Taking the data below, please print only the lines from the line holding "- In February" to the line holding "كتاب الجامع الكامل", inclusive, with pictures omitted.

-- RECORDS FOR THIS TASK follows --

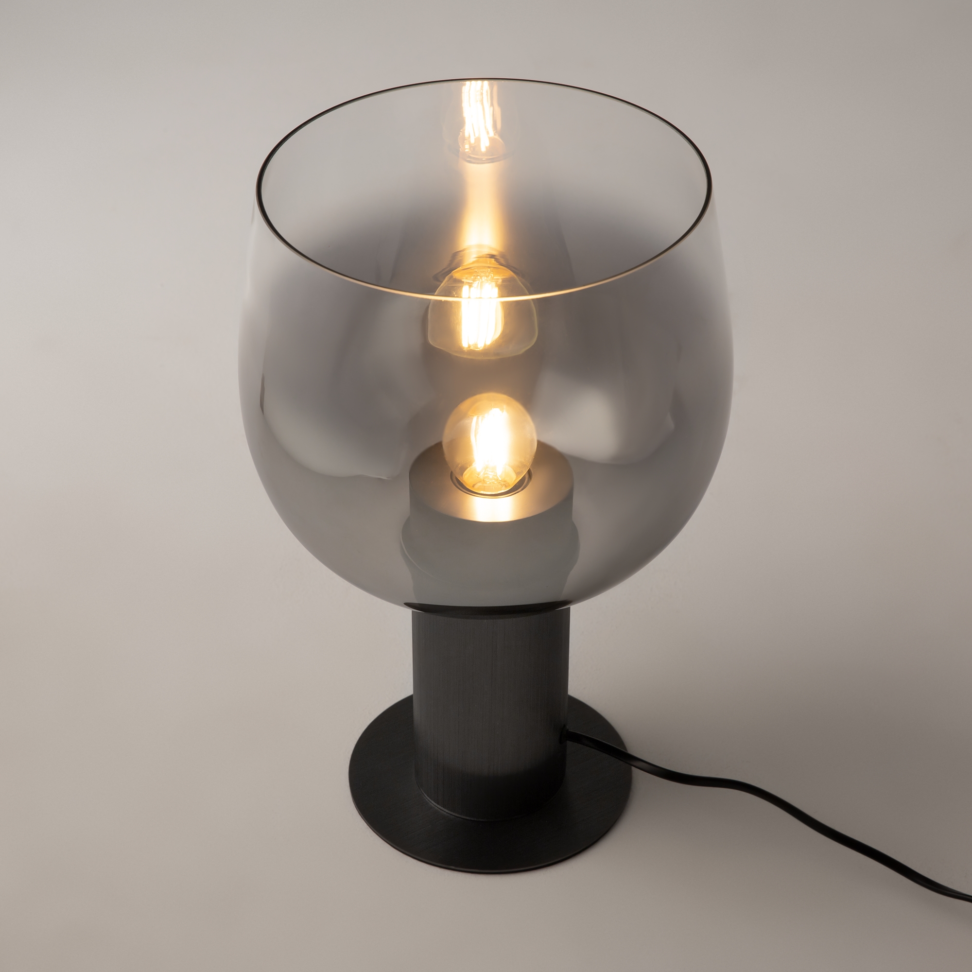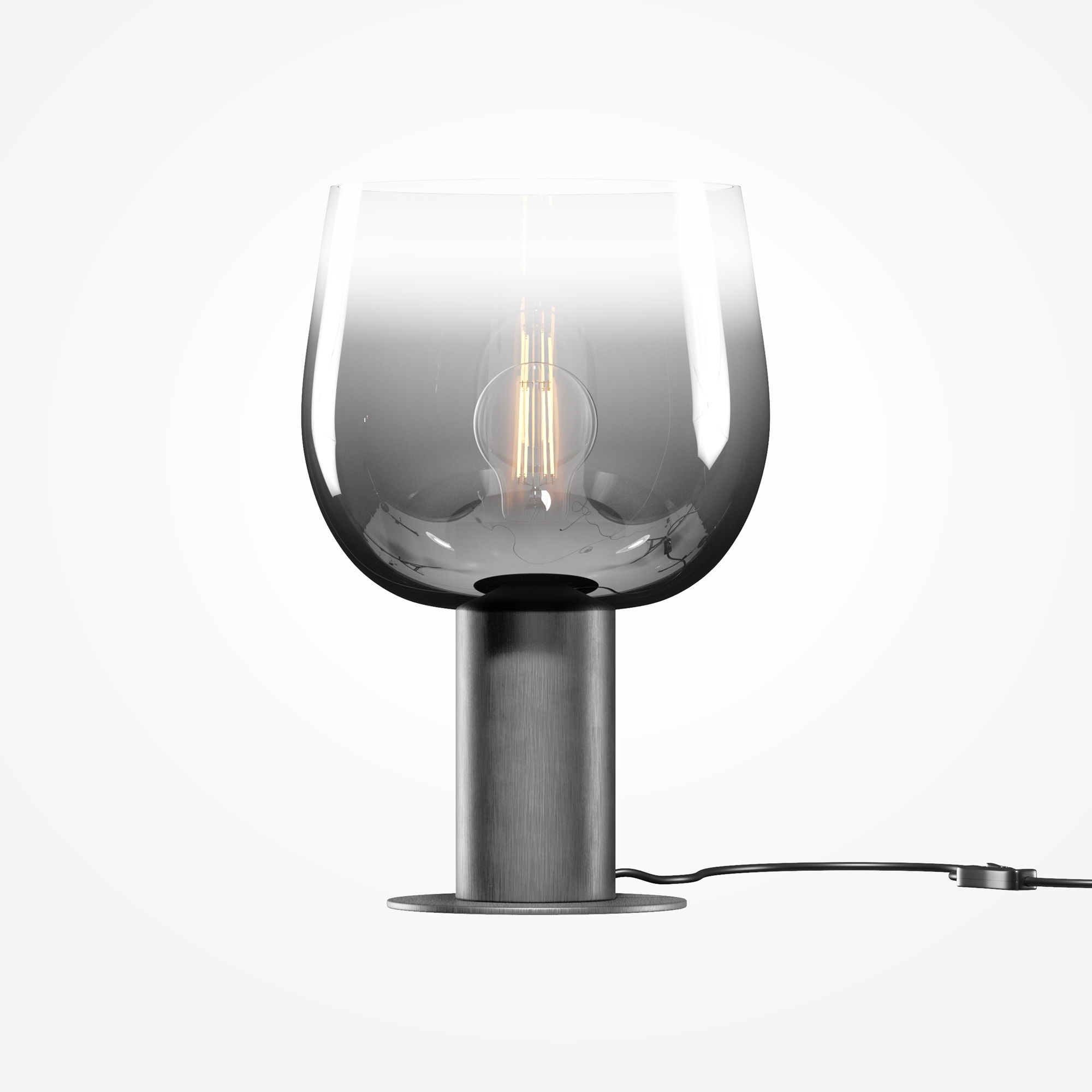 Цветовая гамма: дымчато-серый или насыщенно-янтарный цвет стекла в сочетании с черной или золотой арматурой. В серии есть модели светильников со сменным источником света с цоколем Е27 (каскадная композиция, потолочный и настольные светильники) и LED-источником (одинарные подвесные светильники). Температура свечения LED – 3000 К, угол рассеивания — 120 градусов. Плафоны каскадной композиции плафоны разных размеров и оттенков, установленные на одно основание. Оригинальный декор — актуальный вариант современной классики.
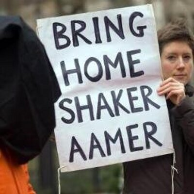 - In February 2011, Amnesty International called Aamer’s ongoing incarceration a “mockery of justice” and denounced the “cruel limbo” he had been left in.[65][68] At the same time The Guardian reported that people had sent 12.000 emails to US Secretary of State Hillary Clinton and UK MPs in support of Aamer.[65][69]
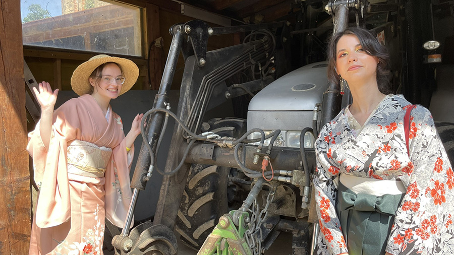 Oprócz tradycyjnej przechadzki w kimonach po pokazie kitsuke w Wojsławicach (Alicja ubrała Dominikę), pokusiliśmy się tym razem o sesję traktorową.
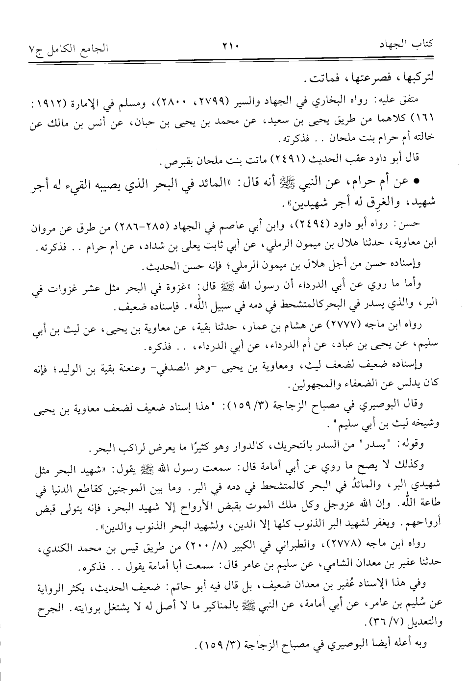 كتاب الجامع الكامل في الحديث الصحيح الشامل المرتب على أبواب الفقه (اسم الجزء: 7)
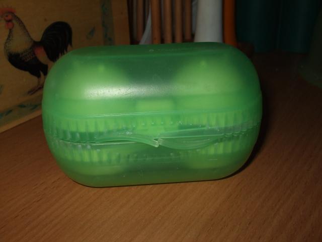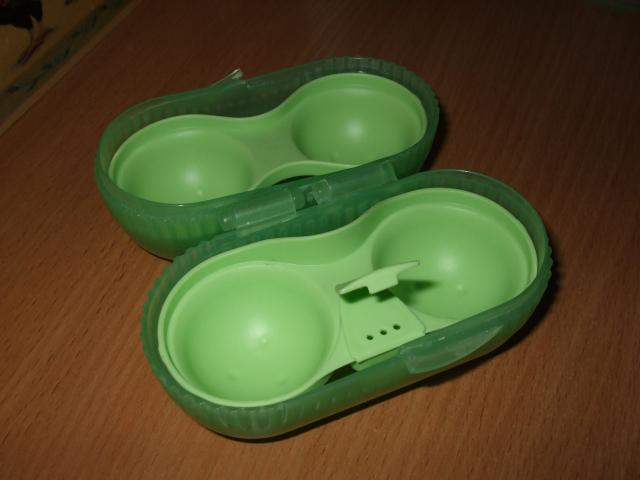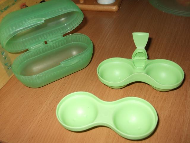 Tupperware užkandžių dėžutė. Yra įdėkliukas dviems kiaušiniams ir skyrelis druskai
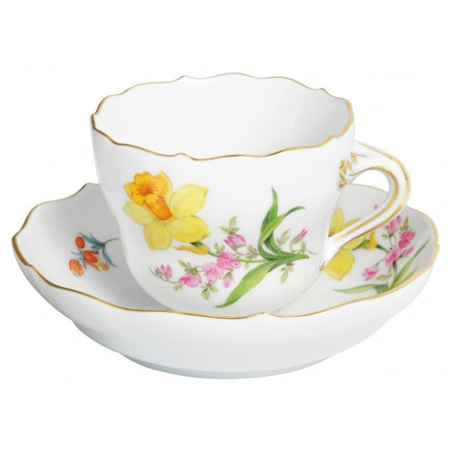 Espressotasse, Form "Neuer Ausschnitt", Vintage Blume 2,mitte, Motiv - Narzisse,Goldrand, V 0,1 l
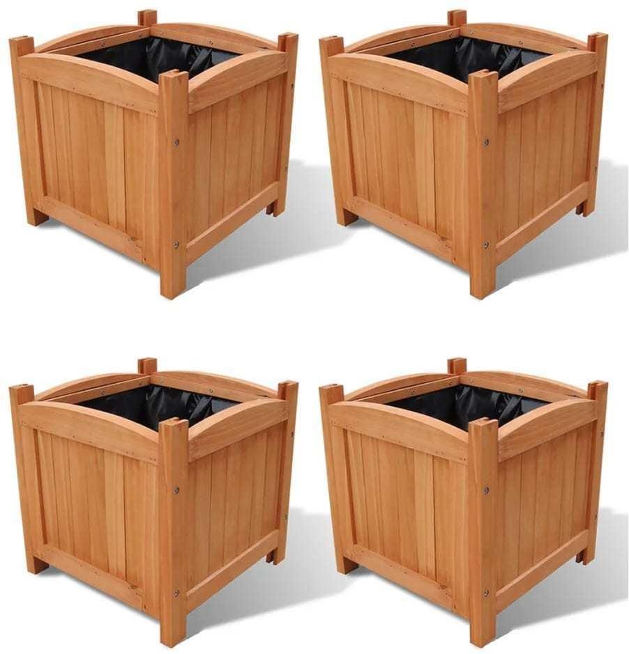 Zestaw 4 pięknych podwyższonych donic będzie przykuwającym wzrok dodatkiem do Twojego ogrodu, tarasu i patio. W donicach można uprawiać wszelkiego rodzaju rośliny i kwiaty. Zostały one wykonane z odpornego na czynniki pogodowe, litego drewna, które jest dość trwałe, by wytrzymało użytkowanie na dworze przez cały rok. Wyściółka z PE pomoże utrzymać glebę i wilgoć w donicy. W skład przesyłki wchodzą 4 drewniane donice. Materiał: lite drewno Wymiary całkowite: 30 x 30 x 30 cm (dł. x szer. x wys.) Przesyłka zawiera 4 donice
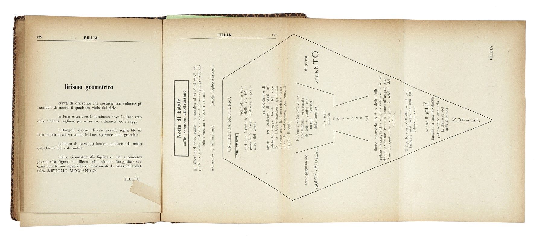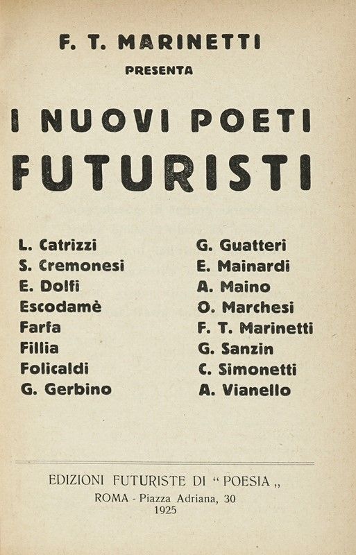 In-8° (mm 192x140). Pagine 361, [1] bianca. Con alcune tavole parolibere ripiegate nel testo. Usuali bruniture marginali della carta e strappetti marginali, restaurabili, ad alcune tavole. Legatura successiva in pieno cartonato, con titoli si tassello al dorso. Quest'ultimo staccato e in gran parte mancante. Copia probabilmente appartenuta a Tito Zaniboni, socialista noto per aver organizzato un attentato contro Benito Mussolini il 4 novembre 1925, come si evince dalla nota di possesso manoscritta al verso della prima carta bianca (Zaniboni. Napoli, ottobre 1925). SI AGGIUNGE: Pattarozzi Gaetano, Carlinga di aeropoeti futuristi di guerra collaudata da F.T. Marinetti. Roma: Edizioni di Mediterraneo Futurista, s.d. [i.e. 1941]. In-8° (mm 215x155). Brossura editoriale con titoli in rosso e nero al piatto. Minime macchie, ma nel complesso ottima conservazione, anche interna.
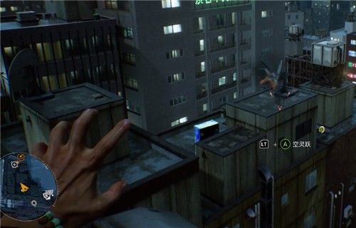 2、直到出现天狗虚影后再起跳,就能空灵跃了。瞄准对位置了会自动召唤天狗,斜屋顶和平楼里面都不能召唤。
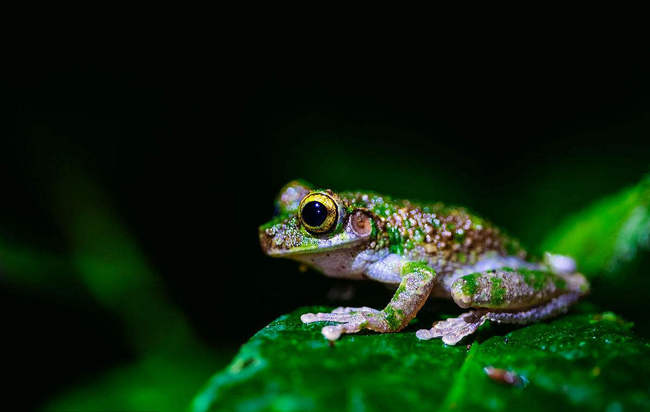 是有着一身白色和棕色迷彩花纹的树蛙,主要是因为它们的栖息环境和一般树蛙不同,因而进化出了这一符合周围环境的保护色。

-- RECORDS FOR THIS TASK concluded --

### FINISHED TASK
 - In February 2011, Amnesty International called Aamer’s ongoing incarceration a “mockery of justice” and denounced the “cruel limbo” he had been left in.[65][68] At the same time The Guardian reported that people had sent 12.000 emails to US Secretary of State Hillary Clinton and UK MPs in support of Aamer.[65][69]
 Oprócz tradycyjnej przechadzki w kimonach po pokazie kitsuke w Wojsławicach (Alicja ubrała Dominikę), pokusiliśmy się tym razem o sesję traktorową.
 كتاب الجامع الكامل في الحديث الصحيح الشامل المرتب على أبواب الفقه (اسم الجزء: 7)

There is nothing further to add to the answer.